━━━━━ Record set ━━━━━

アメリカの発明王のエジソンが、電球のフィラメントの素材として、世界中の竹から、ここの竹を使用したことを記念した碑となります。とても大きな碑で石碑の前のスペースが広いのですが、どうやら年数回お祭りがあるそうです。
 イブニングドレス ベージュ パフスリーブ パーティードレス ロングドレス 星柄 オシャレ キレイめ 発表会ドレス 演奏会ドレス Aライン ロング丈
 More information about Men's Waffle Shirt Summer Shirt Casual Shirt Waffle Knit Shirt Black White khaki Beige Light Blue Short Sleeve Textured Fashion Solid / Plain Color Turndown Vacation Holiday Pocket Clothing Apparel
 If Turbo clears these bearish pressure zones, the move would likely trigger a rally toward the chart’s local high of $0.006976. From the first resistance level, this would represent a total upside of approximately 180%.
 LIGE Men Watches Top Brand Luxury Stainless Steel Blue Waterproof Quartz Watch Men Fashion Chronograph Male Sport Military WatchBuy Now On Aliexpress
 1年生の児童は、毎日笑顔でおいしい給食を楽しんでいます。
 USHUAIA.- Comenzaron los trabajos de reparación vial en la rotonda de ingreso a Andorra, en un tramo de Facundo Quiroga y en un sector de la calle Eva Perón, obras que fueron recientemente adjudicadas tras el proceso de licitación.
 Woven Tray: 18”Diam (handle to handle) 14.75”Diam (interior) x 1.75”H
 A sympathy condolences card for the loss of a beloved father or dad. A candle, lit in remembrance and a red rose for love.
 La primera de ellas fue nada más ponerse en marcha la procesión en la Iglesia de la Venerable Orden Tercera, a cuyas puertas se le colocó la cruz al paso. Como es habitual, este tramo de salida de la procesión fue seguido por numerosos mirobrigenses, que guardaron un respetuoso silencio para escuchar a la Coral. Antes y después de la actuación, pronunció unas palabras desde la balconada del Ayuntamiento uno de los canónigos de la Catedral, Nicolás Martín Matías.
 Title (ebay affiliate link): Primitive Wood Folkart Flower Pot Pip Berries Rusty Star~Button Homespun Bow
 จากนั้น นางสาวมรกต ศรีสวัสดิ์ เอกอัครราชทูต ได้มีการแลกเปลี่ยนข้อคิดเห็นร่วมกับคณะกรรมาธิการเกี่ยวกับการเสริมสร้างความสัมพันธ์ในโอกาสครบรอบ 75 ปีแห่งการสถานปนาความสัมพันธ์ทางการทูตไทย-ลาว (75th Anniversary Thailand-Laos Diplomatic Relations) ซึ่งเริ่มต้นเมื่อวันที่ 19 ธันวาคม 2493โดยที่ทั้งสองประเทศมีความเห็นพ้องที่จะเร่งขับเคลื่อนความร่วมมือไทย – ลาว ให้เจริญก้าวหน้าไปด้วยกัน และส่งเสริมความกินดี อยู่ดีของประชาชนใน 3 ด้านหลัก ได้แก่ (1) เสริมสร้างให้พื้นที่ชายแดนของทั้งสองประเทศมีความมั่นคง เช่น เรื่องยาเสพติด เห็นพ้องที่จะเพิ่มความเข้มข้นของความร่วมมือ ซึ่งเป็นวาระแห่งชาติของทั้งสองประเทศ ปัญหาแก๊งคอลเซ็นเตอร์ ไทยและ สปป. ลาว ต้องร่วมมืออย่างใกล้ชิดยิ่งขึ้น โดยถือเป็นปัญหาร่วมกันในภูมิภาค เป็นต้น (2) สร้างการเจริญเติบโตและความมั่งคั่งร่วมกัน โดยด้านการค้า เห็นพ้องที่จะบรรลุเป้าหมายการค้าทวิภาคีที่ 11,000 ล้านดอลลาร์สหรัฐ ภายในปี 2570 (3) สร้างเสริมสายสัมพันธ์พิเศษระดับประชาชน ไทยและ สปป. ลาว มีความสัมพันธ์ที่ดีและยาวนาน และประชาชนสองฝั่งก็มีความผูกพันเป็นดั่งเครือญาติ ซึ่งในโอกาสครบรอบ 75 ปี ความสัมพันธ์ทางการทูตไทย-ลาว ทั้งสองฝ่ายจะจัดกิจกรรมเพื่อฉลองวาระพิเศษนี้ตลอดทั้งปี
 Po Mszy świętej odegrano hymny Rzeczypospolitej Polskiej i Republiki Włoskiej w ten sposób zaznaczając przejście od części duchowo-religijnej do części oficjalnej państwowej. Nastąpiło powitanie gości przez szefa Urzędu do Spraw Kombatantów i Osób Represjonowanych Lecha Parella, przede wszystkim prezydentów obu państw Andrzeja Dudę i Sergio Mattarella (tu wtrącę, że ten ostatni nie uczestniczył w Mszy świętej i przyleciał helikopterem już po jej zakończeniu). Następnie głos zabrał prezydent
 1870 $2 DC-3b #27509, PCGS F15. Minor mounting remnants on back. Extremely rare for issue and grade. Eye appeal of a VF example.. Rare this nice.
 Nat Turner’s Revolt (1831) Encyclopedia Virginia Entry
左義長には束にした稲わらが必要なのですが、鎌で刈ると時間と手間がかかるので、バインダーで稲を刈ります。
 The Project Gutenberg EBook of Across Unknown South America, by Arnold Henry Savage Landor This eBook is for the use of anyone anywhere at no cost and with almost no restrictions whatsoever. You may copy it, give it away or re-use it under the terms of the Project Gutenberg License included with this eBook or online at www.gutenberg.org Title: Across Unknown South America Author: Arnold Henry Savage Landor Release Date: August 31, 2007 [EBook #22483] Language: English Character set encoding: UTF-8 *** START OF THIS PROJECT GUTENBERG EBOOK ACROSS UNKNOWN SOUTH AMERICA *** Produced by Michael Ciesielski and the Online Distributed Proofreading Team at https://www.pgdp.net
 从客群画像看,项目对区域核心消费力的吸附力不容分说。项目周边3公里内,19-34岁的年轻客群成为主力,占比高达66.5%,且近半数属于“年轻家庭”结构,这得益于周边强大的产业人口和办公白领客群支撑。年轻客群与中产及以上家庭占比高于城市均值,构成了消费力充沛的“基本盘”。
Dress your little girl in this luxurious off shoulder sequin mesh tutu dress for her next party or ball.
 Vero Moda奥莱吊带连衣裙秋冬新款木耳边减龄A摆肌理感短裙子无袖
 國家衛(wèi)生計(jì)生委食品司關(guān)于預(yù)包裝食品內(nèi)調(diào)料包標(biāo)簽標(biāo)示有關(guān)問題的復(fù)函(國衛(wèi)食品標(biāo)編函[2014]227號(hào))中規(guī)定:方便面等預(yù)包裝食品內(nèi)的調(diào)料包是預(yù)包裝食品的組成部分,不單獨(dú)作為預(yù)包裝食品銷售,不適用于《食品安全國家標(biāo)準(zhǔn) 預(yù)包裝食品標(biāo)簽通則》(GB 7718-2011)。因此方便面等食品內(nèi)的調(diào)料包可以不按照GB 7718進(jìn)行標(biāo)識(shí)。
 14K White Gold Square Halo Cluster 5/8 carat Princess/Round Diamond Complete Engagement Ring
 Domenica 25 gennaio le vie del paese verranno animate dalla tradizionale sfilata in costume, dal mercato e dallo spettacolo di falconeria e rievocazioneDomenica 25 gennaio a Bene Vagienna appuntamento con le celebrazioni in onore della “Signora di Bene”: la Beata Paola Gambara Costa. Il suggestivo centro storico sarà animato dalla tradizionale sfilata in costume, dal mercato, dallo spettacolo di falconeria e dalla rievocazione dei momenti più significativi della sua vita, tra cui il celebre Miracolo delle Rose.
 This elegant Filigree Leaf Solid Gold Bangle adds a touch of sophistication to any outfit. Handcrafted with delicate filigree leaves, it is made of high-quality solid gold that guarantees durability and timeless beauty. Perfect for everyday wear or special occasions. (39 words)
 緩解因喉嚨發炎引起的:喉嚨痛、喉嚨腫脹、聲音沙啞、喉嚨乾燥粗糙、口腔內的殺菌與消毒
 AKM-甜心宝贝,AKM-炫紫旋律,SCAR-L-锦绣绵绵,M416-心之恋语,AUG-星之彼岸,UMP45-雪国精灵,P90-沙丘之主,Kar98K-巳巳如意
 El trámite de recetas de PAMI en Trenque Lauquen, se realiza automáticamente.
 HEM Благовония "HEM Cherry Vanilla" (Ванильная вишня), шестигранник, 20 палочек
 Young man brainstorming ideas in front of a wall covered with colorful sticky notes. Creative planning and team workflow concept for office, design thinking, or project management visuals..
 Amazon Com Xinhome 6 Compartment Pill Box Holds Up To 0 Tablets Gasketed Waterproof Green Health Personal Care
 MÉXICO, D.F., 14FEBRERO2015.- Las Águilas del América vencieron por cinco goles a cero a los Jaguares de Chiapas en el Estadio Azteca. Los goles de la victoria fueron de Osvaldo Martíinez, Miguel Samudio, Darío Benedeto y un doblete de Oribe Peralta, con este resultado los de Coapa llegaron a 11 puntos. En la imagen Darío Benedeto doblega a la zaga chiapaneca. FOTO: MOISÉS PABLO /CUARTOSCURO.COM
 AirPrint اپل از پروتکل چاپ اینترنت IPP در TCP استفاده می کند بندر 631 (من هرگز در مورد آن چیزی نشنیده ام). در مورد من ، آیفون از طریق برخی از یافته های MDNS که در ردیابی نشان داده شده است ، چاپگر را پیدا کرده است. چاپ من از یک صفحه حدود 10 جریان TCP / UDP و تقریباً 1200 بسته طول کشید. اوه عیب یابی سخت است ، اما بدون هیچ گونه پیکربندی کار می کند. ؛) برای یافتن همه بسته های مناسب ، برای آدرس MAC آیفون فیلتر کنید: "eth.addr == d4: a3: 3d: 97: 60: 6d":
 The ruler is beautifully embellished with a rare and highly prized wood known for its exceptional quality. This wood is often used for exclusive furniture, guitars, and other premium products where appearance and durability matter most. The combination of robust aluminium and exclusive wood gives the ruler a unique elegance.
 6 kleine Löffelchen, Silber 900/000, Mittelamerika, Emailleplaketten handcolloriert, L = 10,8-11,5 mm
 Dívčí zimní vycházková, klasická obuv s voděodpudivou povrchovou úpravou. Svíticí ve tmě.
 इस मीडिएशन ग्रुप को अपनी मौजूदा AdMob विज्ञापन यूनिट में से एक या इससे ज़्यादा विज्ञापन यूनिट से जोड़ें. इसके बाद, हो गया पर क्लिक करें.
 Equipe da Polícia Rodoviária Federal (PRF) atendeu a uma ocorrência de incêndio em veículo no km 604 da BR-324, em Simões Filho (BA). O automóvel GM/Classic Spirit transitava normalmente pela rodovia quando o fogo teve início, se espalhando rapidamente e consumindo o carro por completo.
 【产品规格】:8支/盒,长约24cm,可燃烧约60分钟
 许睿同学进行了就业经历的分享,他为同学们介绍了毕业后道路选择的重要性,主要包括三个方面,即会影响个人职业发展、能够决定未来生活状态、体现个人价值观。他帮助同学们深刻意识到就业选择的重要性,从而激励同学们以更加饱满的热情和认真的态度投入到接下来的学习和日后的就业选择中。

━━━━━

Please copy out each line of the data in which the word "tramo" occurs.

- Solved exercise -
 USHUAIA.- Comenzaron los trabajos de reparación vial en la rotonda de ingreso a Andorra, en un tramo de Facundo Quiroga y en un sector de la calle Eva Perón, obras que fueron recientemente adjudicadas tras el proceso de licitación.
 La primera de ellas fue nada más ponerse en marcha la procesión en la Iglesia de la Venerable Orden Tercera, a cuyas puertas se le colocó la cruz al paso. Como es habitual, este tramo de salida de la procesión fue seguido por numerosos mirobrigenses, que guardaron un respetuoso silencio para escuchar a la Coral. Antes y después de la actuación, pronunció unas palabras desde la balconada del Ayuntamiento uno de los canónigos de la Catedral, Nicolás Martín Matías.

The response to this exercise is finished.